- Wind Gap, Pennsylvania United States of America

Information
- Type: Private
- Established: 1970

= Singing Boys of Pennsylvania =

The Singing Boys of Pennsylvania was an American boys' choir, established in 1970 as the Pocono Boy Singers, which ceased operation in 2014. A 501(c) organization organized in 1970 as the Pocono Boy Singers, the choir was incorporated in 1972. Its post office box was located in Wind Gap, Pennsylvania, but it was physically based for many years in Stockertown, Pennsylvania. It drew its membership primarily from Monroe, Northampton, Lehigh, and Warren counties. The choir consisted of about 40 boys in grades 4 through 8. Membership was by invitation and audition.

The choir performed throughout the United States, Canada, Japan, England, Wales, and Mexico. Its website claimed an annual budget of $110,000, and 2013 Songwriter's Market listed it as having more than 100 concerts per year, paying $300–$3,000 for outright purchase of material.

The Singing Boys had a sister organization, the Keystone Girls Choir, founded in 1986. The Keystone Girls Choir initially performed with the Singing Boys; they had their first concert alone in May 1991.

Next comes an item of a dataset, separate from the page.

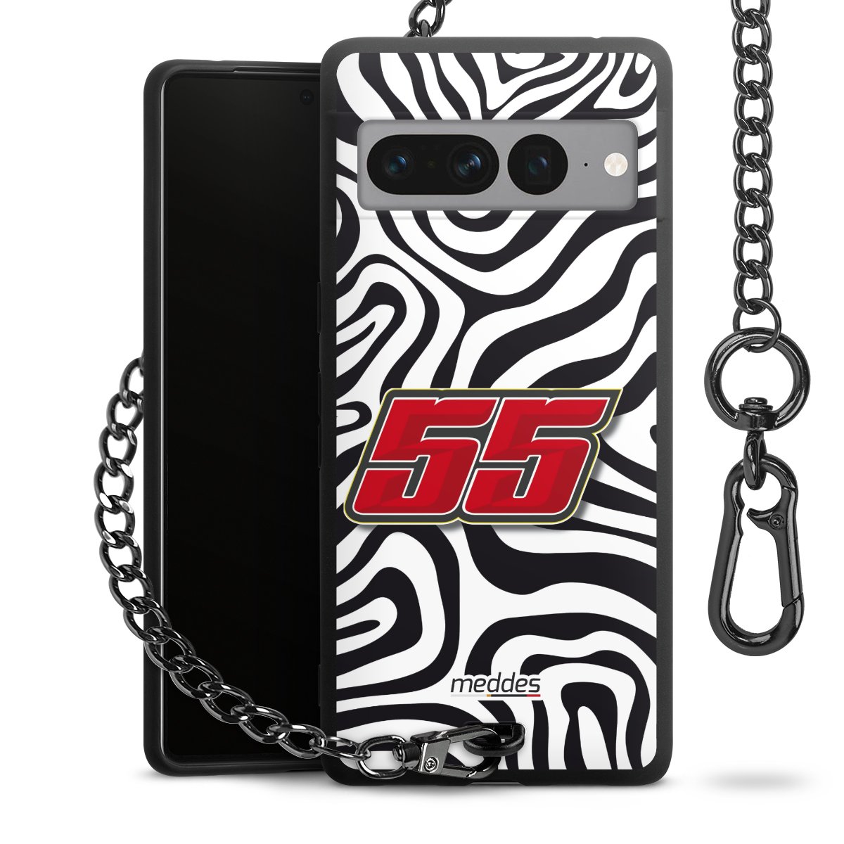 • Mattschwarze Handyhülle mit Metallkette

The choir's founder and long-time director from 1970 to 2014 was Dr. K. Bernard Schade (alias Ken Werner), a graduate of the University of Texas at El Paso, Union Theological Seminary in New York (Institute of Sacred Music, now at Yale University), and the Pennsylvania State University (Ed.D). He served many Lutheran, Episcopal and Methodist churches in the region as an organist and choirmaster for several decades.

The choir ceased operations after Schade was sentenced in January 2015 to 4.5–10 years in prison for statutory sexual assault of a member of the boys choir and possession of child pornography. In June 2024, Schade was formally banned from entering churches in two Pennsylvania dioceses of the Episcopal Church. On February 13, 2026, Schade was sentenced to six months of electronic home monitoring and house arrest for failure to register with the Pennsylvania State Police under lifetime Megan's Law requirements as a Sexually Violent Predator.